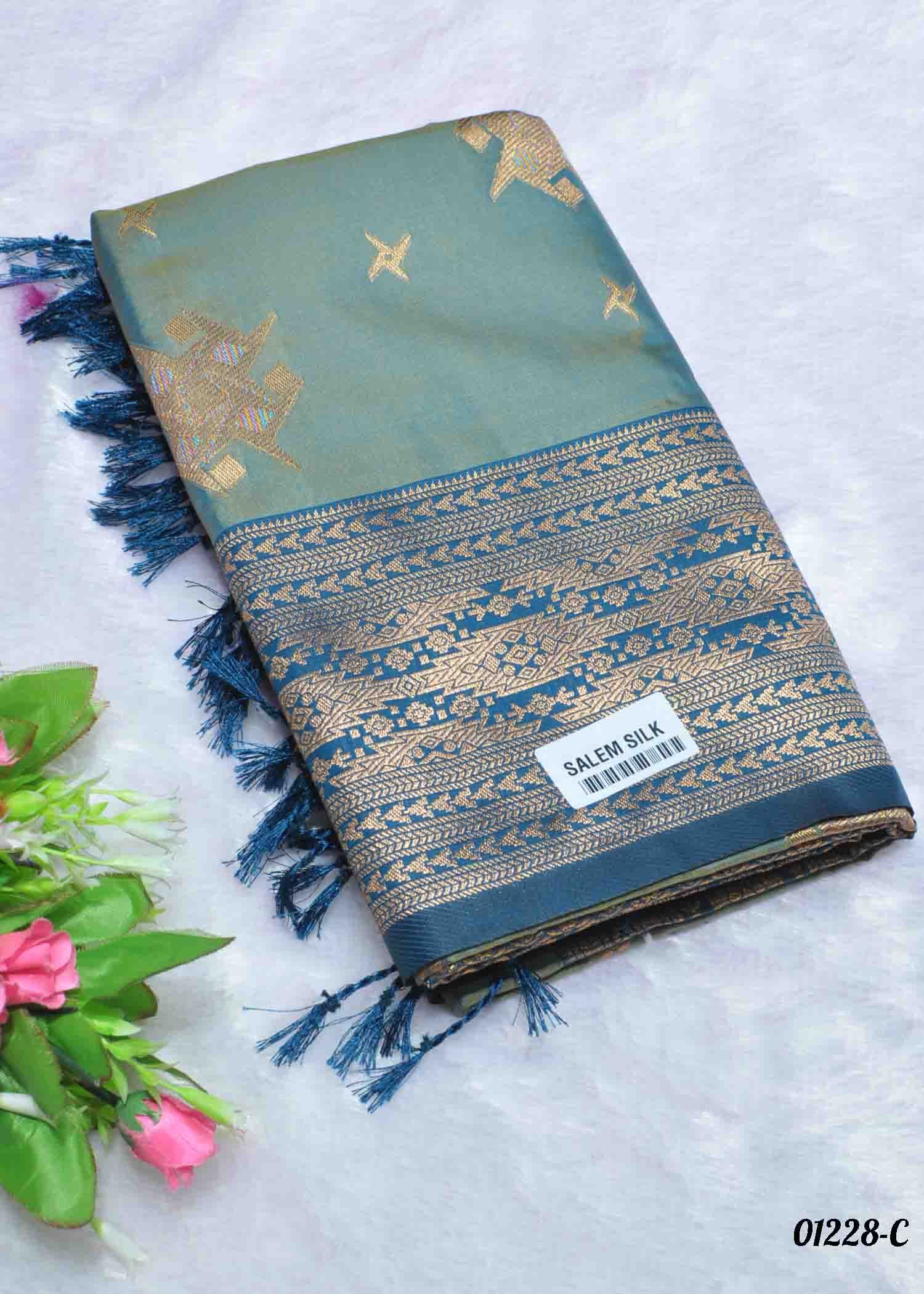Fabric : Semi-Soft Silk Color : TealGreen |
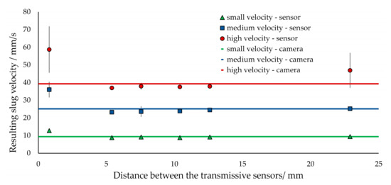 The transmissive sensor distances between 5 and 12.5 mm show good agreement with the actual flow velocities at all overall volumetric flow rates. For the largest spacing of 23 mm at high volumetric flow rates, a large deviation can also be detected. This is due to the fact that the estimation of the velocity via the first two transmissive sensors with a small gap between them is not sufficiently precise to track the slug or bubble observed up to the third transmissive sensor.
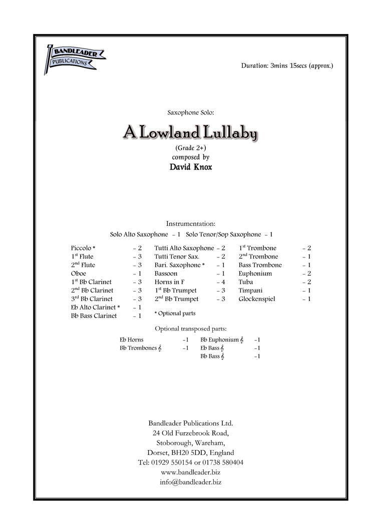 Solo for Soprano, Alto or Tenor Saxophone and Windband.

---

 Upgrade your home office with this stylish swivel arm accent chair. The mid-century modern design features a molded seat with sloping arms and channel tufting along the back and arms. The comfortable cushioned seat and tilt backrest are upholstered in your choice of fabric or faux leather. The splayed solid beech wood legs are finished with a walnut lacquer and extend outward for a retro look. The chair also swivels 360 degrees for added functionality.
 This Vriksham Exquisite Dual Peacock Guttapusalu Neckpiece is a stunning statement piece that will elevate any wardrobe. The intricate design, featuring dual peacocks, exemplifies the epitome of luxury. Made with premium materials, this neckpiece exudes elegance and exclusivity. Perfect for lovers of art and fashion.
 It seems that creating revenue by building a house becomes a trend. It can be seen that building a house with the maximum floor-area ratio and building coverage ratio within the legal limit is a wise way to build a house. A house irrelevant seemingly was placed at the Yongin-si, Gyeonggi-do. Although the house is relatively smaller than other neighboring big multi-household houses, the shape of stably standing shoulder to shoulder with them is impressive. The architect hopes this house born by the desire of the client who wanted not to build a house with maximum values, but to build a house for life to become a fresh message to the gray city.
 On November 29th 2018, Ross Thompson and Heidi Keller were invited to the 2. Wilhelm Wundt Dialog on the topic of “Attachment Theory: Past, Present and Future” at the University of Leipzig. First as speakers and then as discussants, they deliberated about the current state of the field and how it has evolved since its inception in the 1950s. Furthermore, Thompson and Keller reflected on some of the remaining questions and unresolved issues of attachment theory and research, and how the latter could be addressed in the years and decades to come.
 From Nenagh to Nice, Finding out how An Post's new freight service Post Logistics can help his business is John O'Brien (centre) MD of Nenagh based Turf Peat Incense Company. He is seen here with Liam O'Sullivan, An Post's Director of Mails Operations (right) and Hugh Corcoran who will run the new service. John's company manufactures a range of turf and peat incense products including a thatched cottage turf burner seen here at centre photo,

* * *

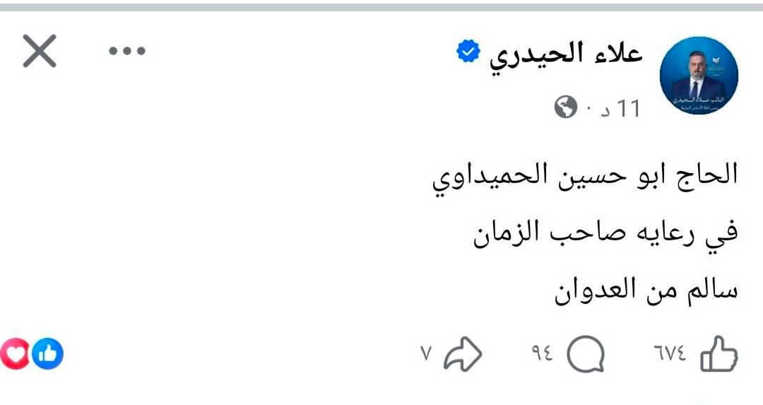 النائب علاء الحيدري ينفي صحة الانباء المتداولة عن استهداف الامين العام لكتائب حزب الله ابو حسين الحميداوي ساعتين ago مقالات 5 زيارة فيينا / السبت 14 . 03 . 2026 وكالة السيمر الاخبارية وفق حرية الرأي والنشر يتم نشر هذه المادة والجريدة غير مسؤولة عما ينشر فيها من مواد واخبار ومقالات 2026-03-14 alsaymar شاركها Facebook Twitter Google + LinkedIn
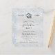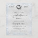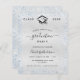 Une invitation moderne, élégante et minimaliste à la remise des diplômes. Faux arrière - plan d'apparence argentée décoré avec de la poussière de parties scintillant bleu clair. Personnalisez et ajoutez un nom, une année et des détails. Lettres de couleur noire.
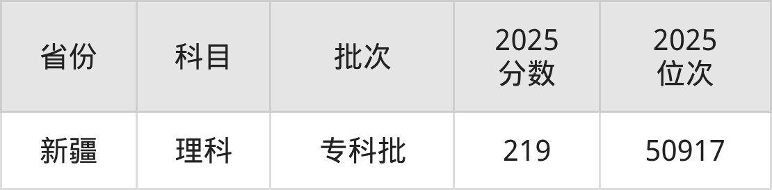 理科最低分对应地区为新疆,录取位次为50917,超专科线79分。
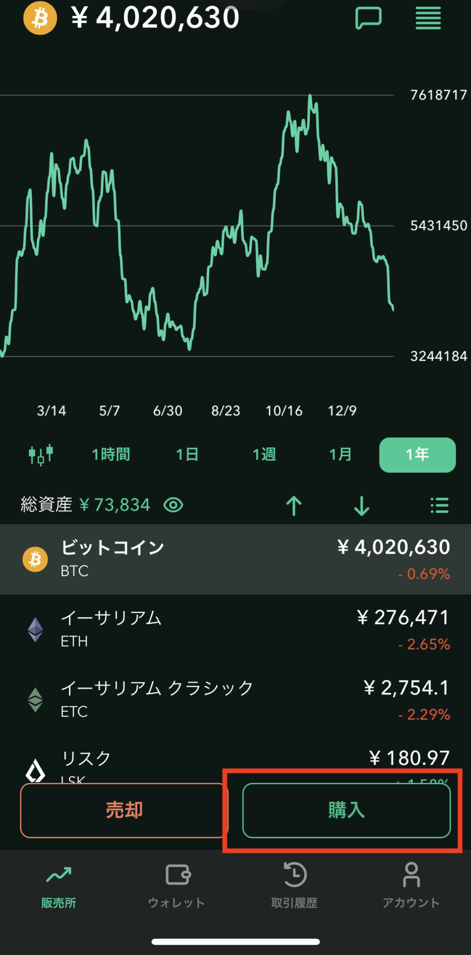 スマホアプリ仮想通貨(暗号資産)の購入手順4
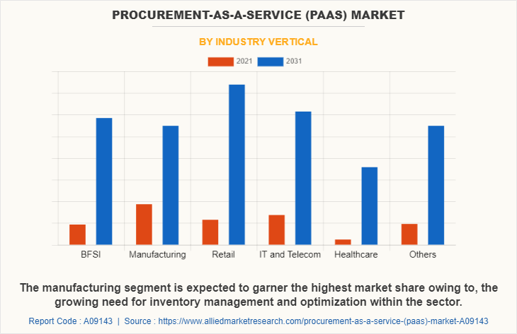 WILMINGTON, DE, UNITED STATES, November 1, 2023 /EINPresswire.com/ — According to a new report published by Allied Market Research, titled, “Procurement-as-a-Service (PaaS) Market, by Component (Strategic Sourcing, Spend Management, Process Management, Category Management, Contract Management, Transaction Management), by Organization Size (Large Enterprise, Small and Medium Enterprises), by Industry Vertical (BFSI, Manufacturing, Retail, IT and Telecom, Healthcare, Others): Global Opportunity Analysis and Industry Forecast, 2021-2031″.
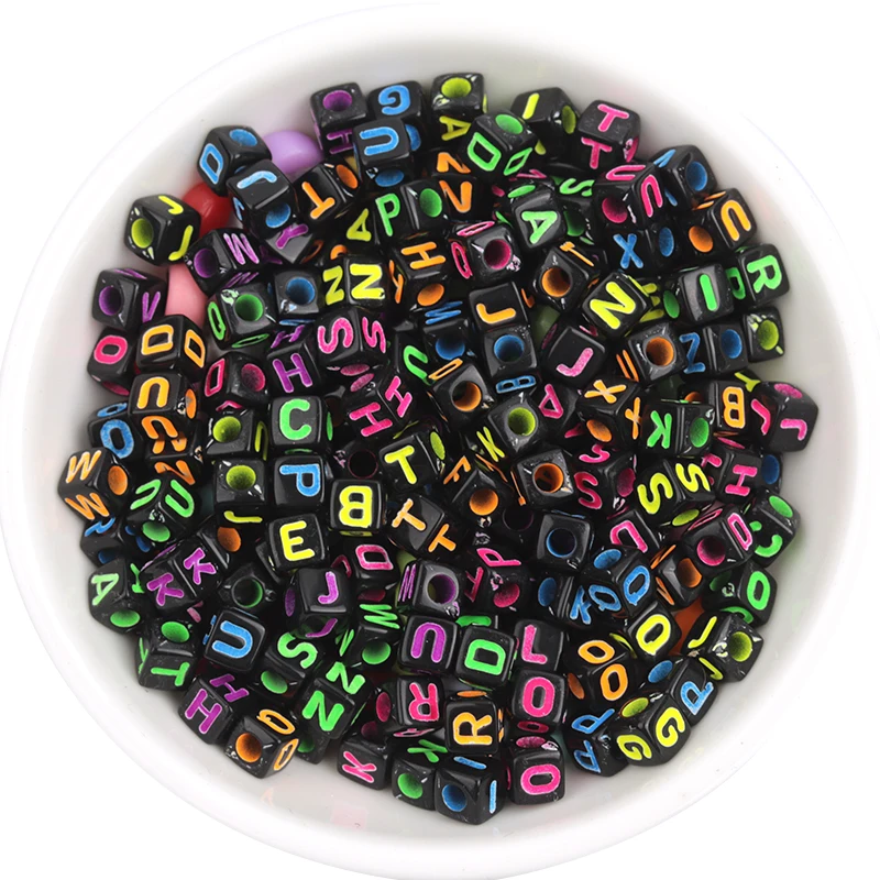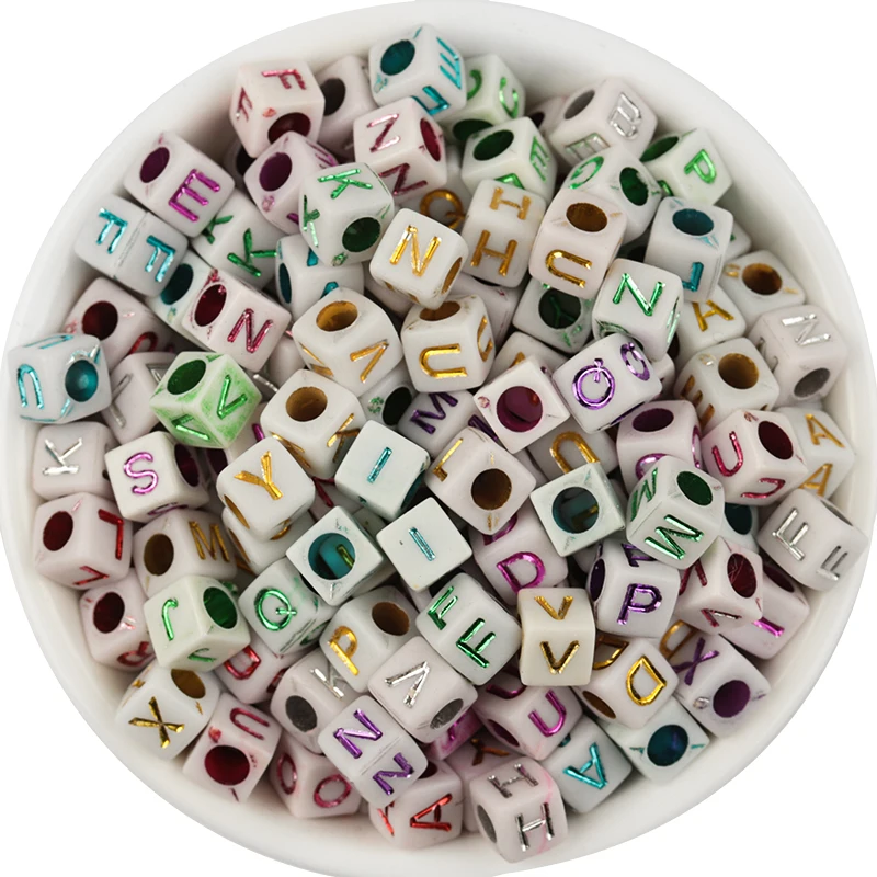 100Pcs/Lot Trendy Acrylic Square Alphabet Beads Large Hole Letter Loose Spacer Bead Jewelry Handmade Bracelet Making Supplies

**WORK TO COMPLETE:**
Scan the material above for the string "seen" and copy every line that has it.

**SOLUTION BELOW:**
 It seems that creating revenue by building a house becomes a trend. It can be seen that building a house with the maximum floor-area ratio and building coverage ratio within the legal limit is a wise way to build a house. A house irrelevant seemingly was placed at the Yongin-si, Gyeonggi-do. Although the house is relatively smaller than other neighboring big multi-household houses, the shape of stably standing shoulder to shoulder with them is impressive. The architect hopes this house born by the desire of the client who wanted not to build a house with maximum values, but to build a house for life to become a fresh message to the gray city.
 From Nenagh to Nice, Finding out how An Post's new freight service Post Logistics can help his business is John O'Brien (centre) MD of Nenagh based Turf Peat Incense Company. He is seen here with Liam O'Sullivan, An Post's Director of Mails Operations (right) and Hugh Corcoran who will run the new service. John's company manufactures a range of turf and peat incense products including a thatched cottage turf burner seen here at centre photo,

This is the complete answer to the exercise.